Onaylayarak gösterdiği yere adımladım. Kocaman bir gardıroptu. Bir tarafında erkek kıyafetleri bir tarafında kadın kıyafetleri vardı. Ne kadar bunları kullanmak istemesem de zorunda olduğum için bir kaç parça kıyafet aldım. Boynumdaki yarayı kapatmak için de boğazlı hırka giyindim. Hala çok acıyordu.

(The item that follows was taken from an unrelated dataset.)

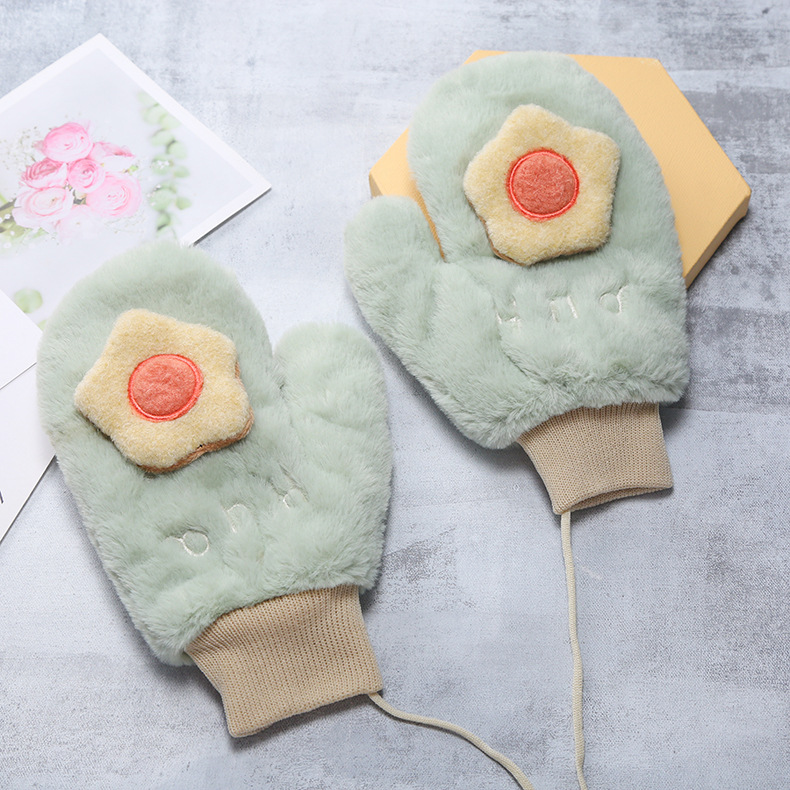 대학 스타일의 귀여운 큰 꽃 봉제 장갑 여성용 겨울 방한 기모 손가락으로 목에 밧줄이 달린 따뜻한 한국 스타일스토어 가기

Gardıroptan dışarıya adımladım.
Alkan da beni bekliyor gibiydi.
"Elini ver."
"N-Neden?"
Sinirle nefes verdi ve elimi sertçe kendine çekerek parmağıma bir yüzük taktı.

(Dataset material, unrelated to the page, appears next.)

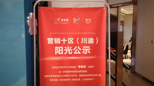 4月23日,在销售中心现场,封面新闻记者还看到碧桂园对员工不当行为“零容忍”的公示。

Bir yandan yüzüğe bir yandan da ona bakıyordum.
"Bunu okul dışında asla çıkarmayacaksın. Eğer ki çıkartırsan..."
Elini boğazıma getirip hafifçe sıktı.
"Abini öldürürüm"
Acıyla yutkundum. Ve hızlıca başımı onaylar şekilde salladım.
Boğazımı bırakıp bileğimden tuttu ve arkasından sürükleyerek daha hiç görmediğim evin koridorlarından yürümeye başladık. Gerçekten büyük bir evdi. Aşağı kata indiğimizde bizi büyük bir salon karşıladı. Salonun mutfağa yakın olan yerinde bir kahvaltı masası kuruluydu. Bileğimi bırakıp masaya doğru ilerledi. Sandalyeyi kendine doğru çekip oturdu.
Ben ise cezalı bir öğrenci gibi ayakta beklemeye başladım. Öylece beklerken bana bakmasıyla başımı öne eğdim.
"Masaya otur"
Biraz sessizlik olduktan sonra zoraki konuştum
"Aç değil-"
"OTUR"
Sesinin soğukluğundan ürkerek masaya yaklaştım ve bir sandalye çekip oturdum. Evin hizmetlisinin önüme kahvaltılık koymasıyla istemeye istemeye yemeye başladım. Çok geçmeden Alkanın kalkmasıyla bende masadan kalktım.
Arkasından giderek arabasına bindim. O da arabayı çalıştırarak okula doğru sürmeye başladı. Çok fazla soru sormak istiyordum ama bu pisliğin ne yapacağı belli olmazdı.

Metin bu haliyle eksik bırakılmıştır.